What is different is the format. Each idea has an animation you step through, and most lessons have a lab where the code runs in the browser. I made the case for why that matters in a separate post on visual learning. The whole course is completely free, with no card. Chapters one to three open without an account, and from chapter four you need a free one.
Now the weak points, because you should hear them from me. The course is young, and it does not have the community or the years of corrections that Hugging Face's has. Most labs run on your own OpenAI API key, so you will pay the model provider a small amount; the LangGraph and multi-agent labs run without one. And if a certificate you can show on a CV matters most to you, Hugging Face's is free and clearly documented, which is a stronger option today than anything I can promise here.

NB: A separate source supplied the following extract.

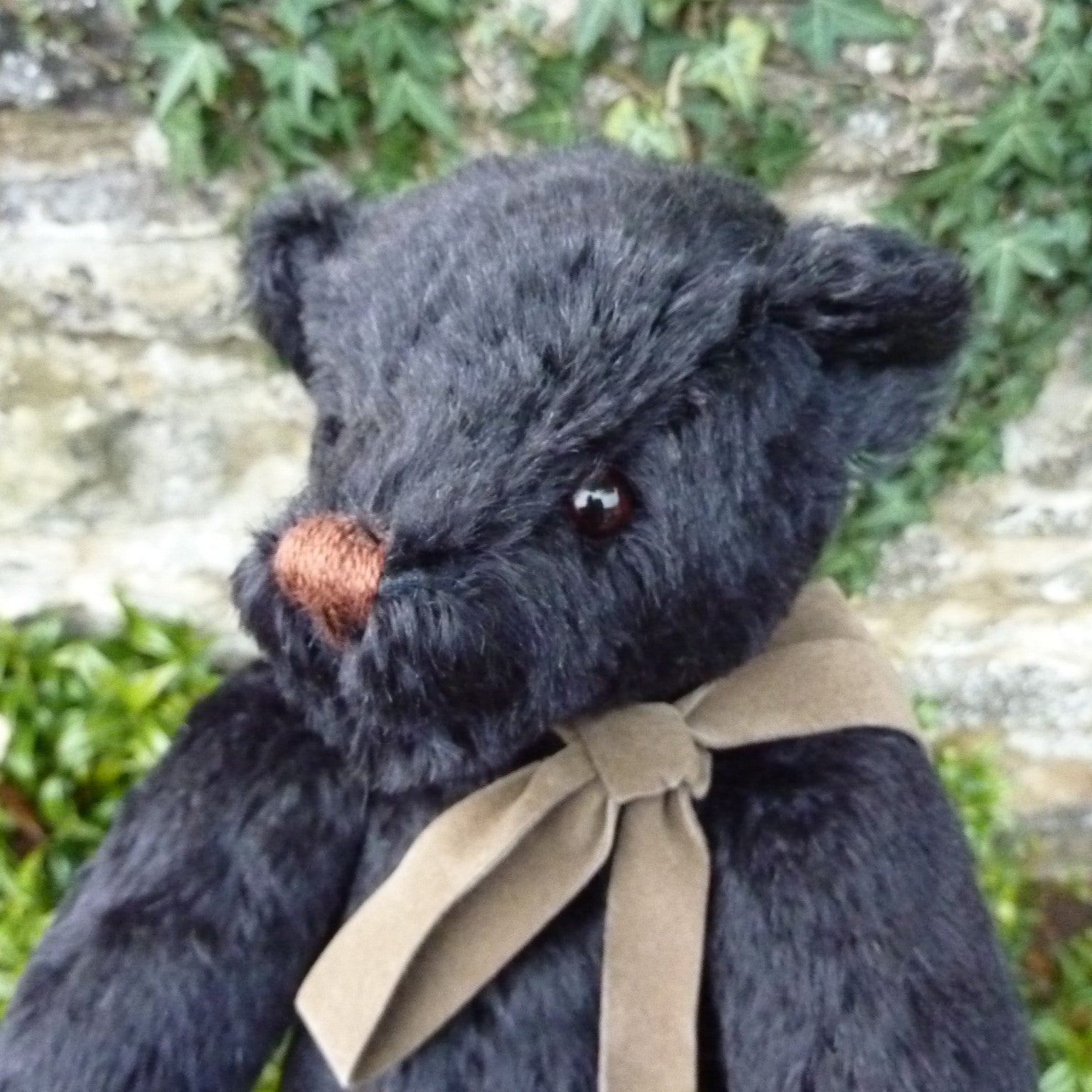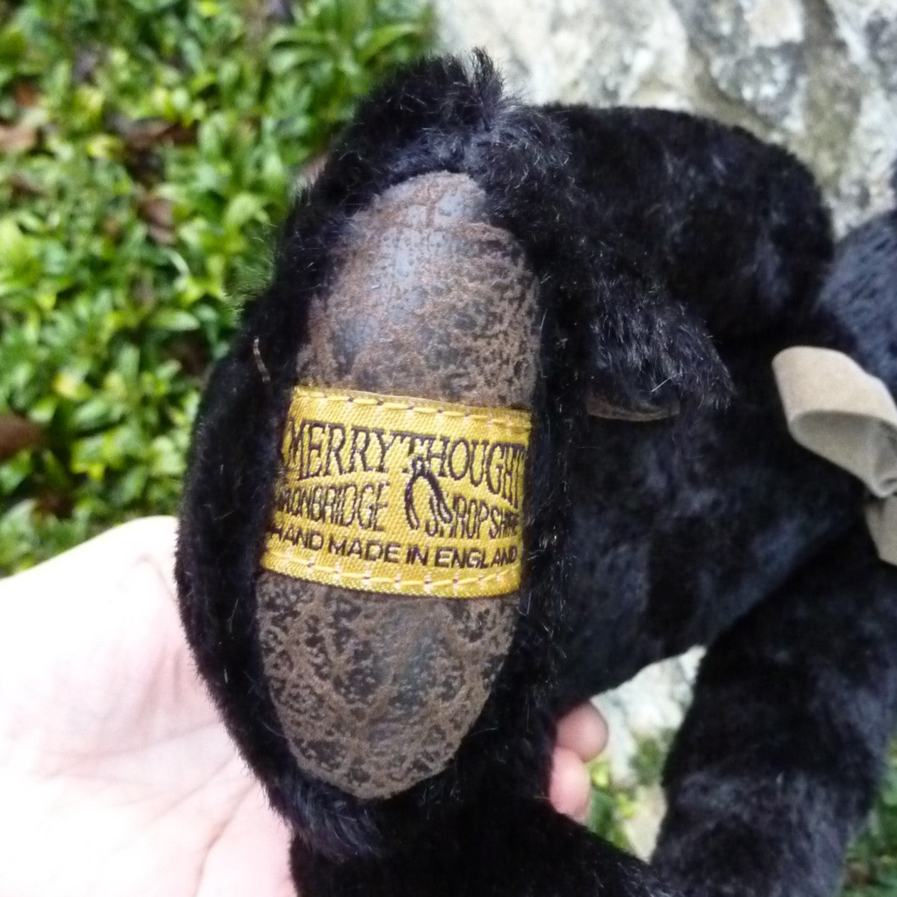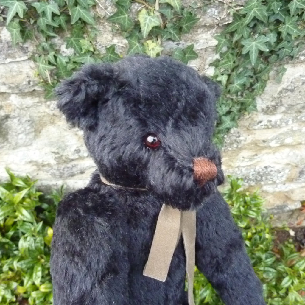 This gangly, medium-sized bear is made of dense and lightly distressed, black mohair, he has amber and black safety eyes and faux leather footpads. He has a sewn-in (smudged) label numbered 46 of 100. Otherwise, as new.

If you are starting from zero and find videos hard to retain, ours may suit you. If you already write Python every day and want depth, start with Hugging Face.
How to choose
Ask three questions. Can you write a Python function from memory? If not, pick a course that starts with Python. Do you want to understand the machinery or ship something? Machinery points to Hugging Face and the LogicWiz transformer chapters; shipping points to DataTalks.Club or Microsoft. Do you need a certificate? Check the rules first, because they differ more than the syllabi do.
Then pick one and finish it. One course done beats five sampled.
Common questions
What is the best free generative AI course in 2026?

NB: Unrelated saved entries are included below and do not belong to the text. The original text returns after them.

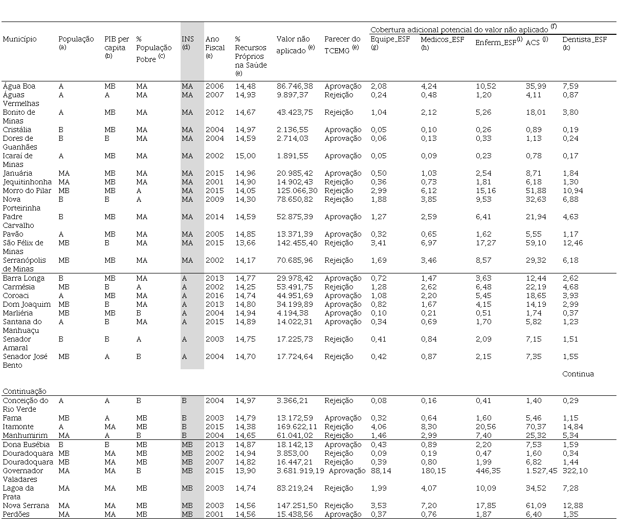 Os resultados da Tabela 3 permitem responder à segunda e terceira indagações levantadas na introdução deste artigo, quais sejam: (ii) qual a representatividade do montante de recursos não aplicado pelos municípios autuados pelo TCEMG, em termos de cobertura adicional potencial de recursos humanos na saúde? (iii) em que medida os resultados dos pareceres prévios emitidos pelo TCEMG, a respeito das contas dos municípios deficitários, apresentam coerência com o nível de necessidades em saúde desses municípios?
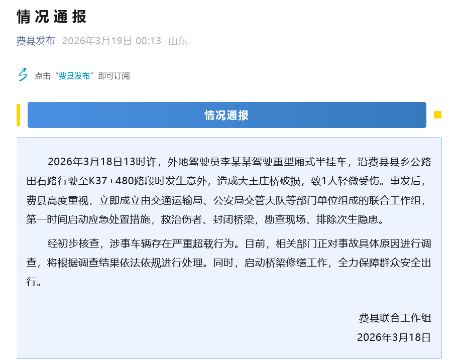 2026年3月18日13时许,外地驾驶员李某某驾驶重型厢式半挂车,沿费县县乡公路田石路行驶至K37+480路段时发生意外,造成大王庄桥破损,致1人轻微受伤。事发后,费县高度重视,立即成立由交通运输局、公安局交管大队等部门单位组成的联合工作组,第一时间启动应急处置措施,救治伤者、封闭桥梁,勘查现场、排除次生隐患。
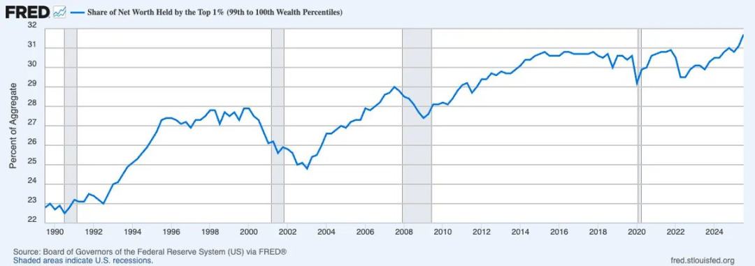 Daha doğru bir ifadeyle, sorun sadece gelir eşitsizliği değil, servet eşitsizliği. İnsanlık tarihi boyunca, en üstteki %1'in elinde bu kadar yüksek bir servet oranı hiç yoktu. ABD örneğinde, en üstteki %1'in elindeki net varlık payı sürekli artmakta olup, şu anda ulusal toplam servetin yaklaşık üçte birine ulaşmıştır.

There is no single best one. For coders who want depth and free certificates, Hugging Face's Agents and MCP courses are the strongest documented option I found. For a broad beginner syllabus, Microsoft's Generative AI for Beginners. For a visual, labs-in-the-browser course that starts from Python, LogicWiz.
Which free AI course covers RAG and agents?
Several do. Microsoft's Generative AI for Beginners covers RAG and agents in its 21 lessons, Hugging Face's Agents course covers agents with smolagents, LlamaIndex and LangGraph, Anthropic's Building with the Claude API covers both, and the LogicWiz course covers RAG, LangGraph and multi-agent systems.
Is there a free MCP course?
Yes. Hugging Face has a free MCP course built with Anthropic, Anthropic Academy has Introduction to Model Context Protocol, DeepLearning.AI has an MCP course taught by Anthropic's Elie Schoppik (check its free tier), and LogicWiz has an MCP and A2A chapter.
Are free GenAI courses really free?
Usually the learning is free and the model calls are not. Microsoft's course says API costs depend on your provider, and many hands-on labs, including most of ours, use your own OpenAI key. Some platforms are free during a beta. Read the page for the account, key and certificate rules before you start.
Do I need to know Python first?
For most of these, yes. Hugging Face's Agents course asks for basic Python, its LLM course asks for strong Python, and Anthropic's API course expects proficient Python. The LogicWiz course starts with Python basics in chapters one to three.